= Aim of the exercise =
Skip all pictures. Set down only the lines starting at the line containing "In the pictures" and running to the end of the listing.

= Dataset content =
________________________________________
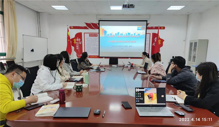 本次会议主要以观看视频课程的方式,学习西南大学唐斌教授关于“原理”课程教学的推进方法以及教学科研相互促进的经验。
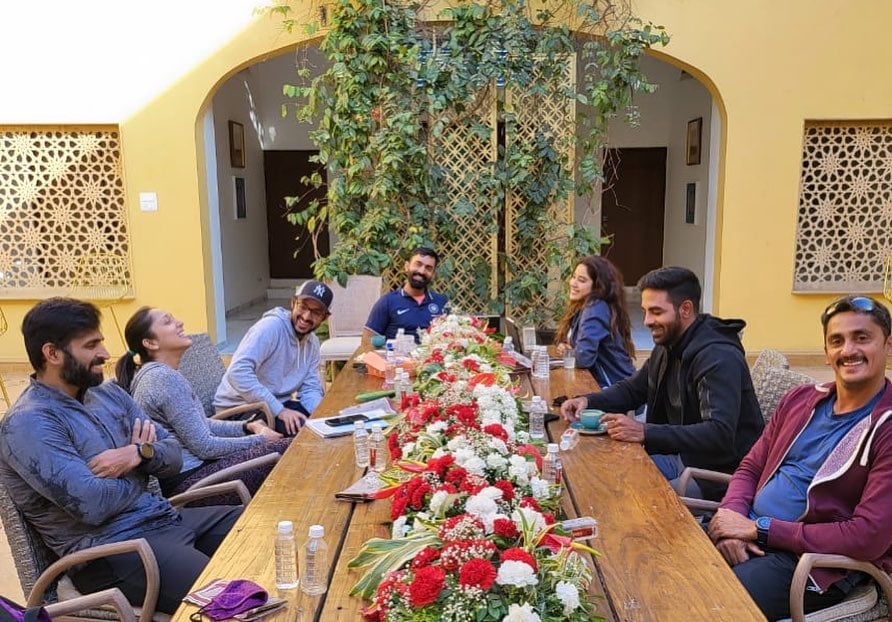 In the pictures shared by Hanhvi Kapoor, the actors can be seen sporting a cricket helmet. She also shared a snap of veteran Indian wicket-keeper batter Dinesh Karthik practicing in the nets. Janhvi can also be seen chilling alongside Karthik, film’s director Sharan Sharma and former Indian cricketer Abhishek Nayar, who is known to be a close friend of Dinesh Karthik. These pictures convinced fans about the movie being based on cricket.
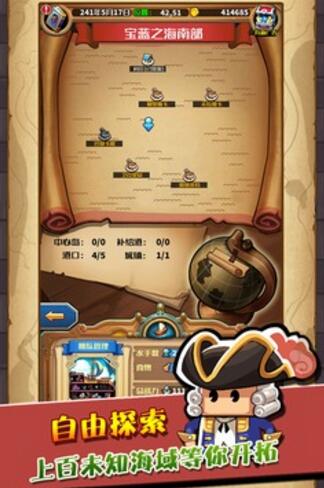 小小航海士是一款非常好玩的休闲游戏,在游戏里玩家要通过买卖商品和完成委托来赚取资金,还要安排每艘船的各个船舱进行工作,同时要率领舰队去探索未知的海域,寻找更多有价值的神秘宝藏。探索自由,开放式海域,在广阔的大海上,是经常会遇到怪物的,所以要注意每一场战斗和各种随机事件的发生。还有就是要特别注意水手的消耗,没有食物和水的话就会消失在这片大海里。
________________________________________
= Response =
 In the pictures shared by Hanhvi Kapoor, the actors can be seen sporting a cricket helmet. She also shared a snap of veteran Indian wicket-keeper batter Dinesh Karthik practicing in the nets. Janhvi can also be seen chilling alongside Karthik, film’s director Sharan Sharma and former Indian cricketer Abhishek Nayar, who is known to be a close friend of Dinesh Karthik. These pictures convinced fans about the movie being based on cricket.
 小小航海士是一款非常好玩的休闲游戏,在游戏里玩家要通过买卖商品和完成委托来赚取资金,还要安排每艘船的各个船舱进行工作,同时要率领舰队去探索未知的海域,寻找更多有价值的神秘宝藏。探索自由,开放式海域,在广阔的大海上,是经常会遇到怪物的,所以要注意每一场战斗和各种随机事件的发生。还有就是要特别注意水手的消耗,没有食物和水的话就会消失在这片大海里。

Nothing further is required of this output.